If a CODEC is installed properly, Windows will facilitate the use of the CODEC by any audio program running on the PC. The programs may use the CODEC to encode (record) or decode (play) audio files. The compression method that was used to compress an audio file can be identified with information stored within the audio file. Saving this information allows the correct CODEC to be selected later, when the file is decoded for playback.
A number of the CODECs that come as a standard part of the Windows operating system are included for compatibility reasons. Their inclusion allows for interoperability between the Windows environment and other specialized audio systems. Additionally, a number of more general purpose CODECs are included. A subjective overview of these general purpose CODECs is provided below. Users should remember that these explanations are provided on an "as is" basis. If there is any doubt, the user should review the available compression methods and make their own judgments about the one best suited for their application.
Comparison Chart of Audio Formats
Format |
Attributes |
Megabyte per hour (approximate) |
Characteristics of source sound |
DSP TrueSpeech |
8.0kHz,1 bit, mono |
4 |
Low-quality voice recording |
Lernout & Hauspie |
8.0kHz,16 bit, mono |
9 |
High-quality voice recording |
MP3* |
11.5kHz, 16kBit/s mono |
4.5 |
High-quality voice recording |
22.05kHz, 56kBit/s, stereo |
25 |
Low or middle quality music
|
44.1kHz, 128kBit/s, stereo |
56 |
Near high-quality music |
44.1kHz, 192kBit/s, stereo |
82 |
High-quality music |
PCM |
44.1kHz,16 bit, stereo |
605 |
High-quality (CD quality) recordings |
PCM (High Quality) |
96kHz, 24 bit, stereo
(available for Professional and Developer Edition users only) |
1978 |
DVD Audio, Super Audio CD recordings |
WMA voice |
20kBit/s, 22.05kHz, mono |
9 |
High-quality voice recording |
WMA lossless |
VBR Quality 100, 44 kHz, 2 channel 16 bit |
350 |
High-quality recordings |
Flac lossless |
96kHz, 24 bit, stereo |
1300
|
DVD Audio, Super Audio CD recordings |
* For recording in MP3 format, Total Recorder can use MP3 codecs, installed in your system.

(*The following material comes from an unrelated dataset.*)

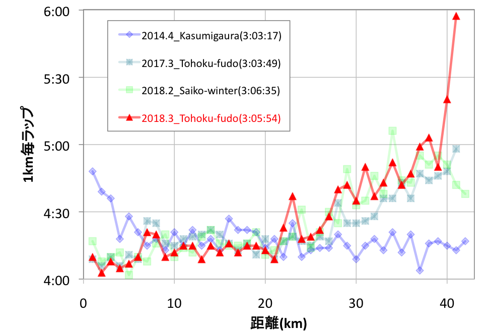 3時間5分54秒。ほぼ例年通りの出来だったけど、最後2kmがボロボロで2分落とした感じ。

Please note that the different versions of Windows contain different MP3 codecs that support different MP3 formats. Total Recorder can also use other programs (such as dlls) to create high quality mp3 files. Please see our mp3 page for details.
Please also note that MP3 files can either have a standard RIFF-WAVE header (such files usually have a .wav extension) or not contain any special headers (these files usually have a .mp3 extension). Most MP3 files do not have a RIFF-WAVE header since MP3 format contains all data required for its decoding.
DSP Group TrueSpeech
The DSP Group TrueSpeech CODEC was written by DSP Group of Santa Clara California. This compression method was written specifically to address the requirement of recording human speech. This method removes a considerable portion of the potential sound spectrum. However, the removed data has little impact on a listener's ability to understand what was said. The algorithm "rounds off" many of the highs and lows associated with the tones found in the original spoken words. Listeners may no longer detect some of the emotions that may have been inferred by these tones, but the actual words will remain quite clear and discernable.
This CODEC is an excellent choice for recording dictation. The CODEC supports a Sample Rate of 8.0 kHz with a Sample Size of 8 bits and mono recording. One hour of TrueSpeech recording can fit into about 4.5mb of disk space. We suggest the use of TrueSpeech for Dictation type applications where the speaker's emotions are irrelevant.
Lernout & Hauspie
There are several Lernout & Hauspie CODECs included with Windows. All of these CODECs have a small sample rate and were written specifically to address the requirement of recording human speech.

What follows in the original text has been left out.